### Provided records
%%

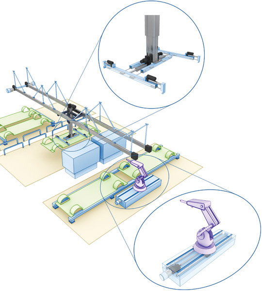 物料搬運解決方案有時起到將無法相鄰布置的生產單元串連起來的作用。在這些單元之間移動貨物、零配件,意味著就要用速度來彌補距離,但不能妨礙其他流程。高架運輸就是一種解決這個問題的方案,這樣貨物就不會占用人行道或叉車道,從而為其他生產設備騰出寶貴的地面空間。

%%
%%

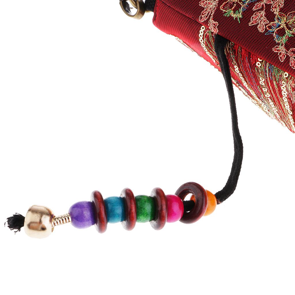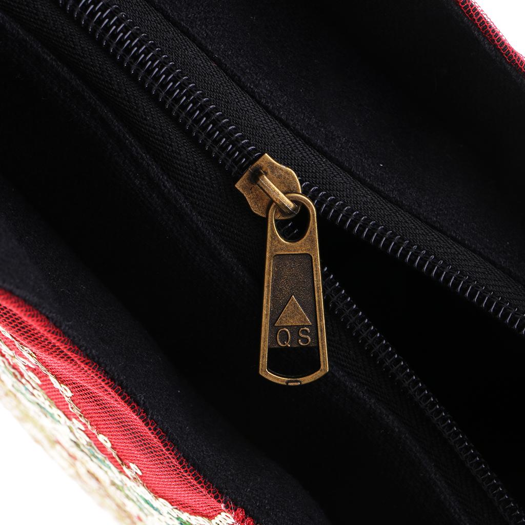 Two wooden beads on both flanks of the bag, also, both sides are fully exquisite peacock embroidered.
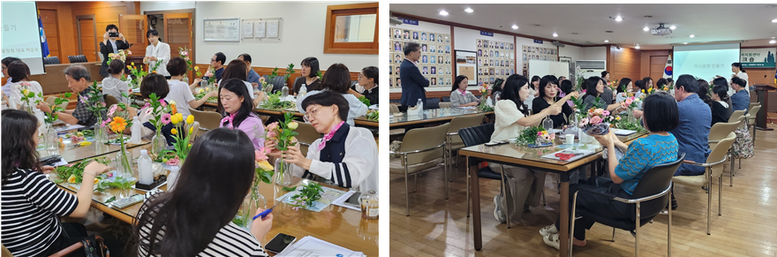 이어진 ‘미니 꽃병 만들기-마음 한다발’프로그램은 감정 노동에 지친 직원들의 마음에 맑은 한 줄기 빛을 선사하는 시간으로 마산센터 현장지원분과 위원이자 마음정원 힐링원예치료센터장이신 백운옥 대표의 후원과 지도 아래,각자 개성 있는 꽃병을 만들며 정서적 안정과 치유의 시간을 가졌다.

%%

### Your assignment
Print the line above containing "Two wooden beads", the line containing "이어진 ‘미니 꽃병 만들기-마음", and everything between them, exactly as written. Pictures stay out.

### Answer section
 Two wooden beads on both flanks of the bag, also, both sides are fully exquisite peacock embroidered.
 이어진 ‘미니 꽃병 만들기-마음 한다발’프로그램은 감정 노동에 지친 직원들의 마음에 맑은 한 줄기 빛을 선사하는 시간으로 마산센터 현장지원분과 위원이자 마음정원 힐링원예치료센터장이신 백운옥 대표의 후원과 지도 아래,각자 개성 있는 꽃병을 만들며 정서적 안정과 치유의 시간을 가졌다.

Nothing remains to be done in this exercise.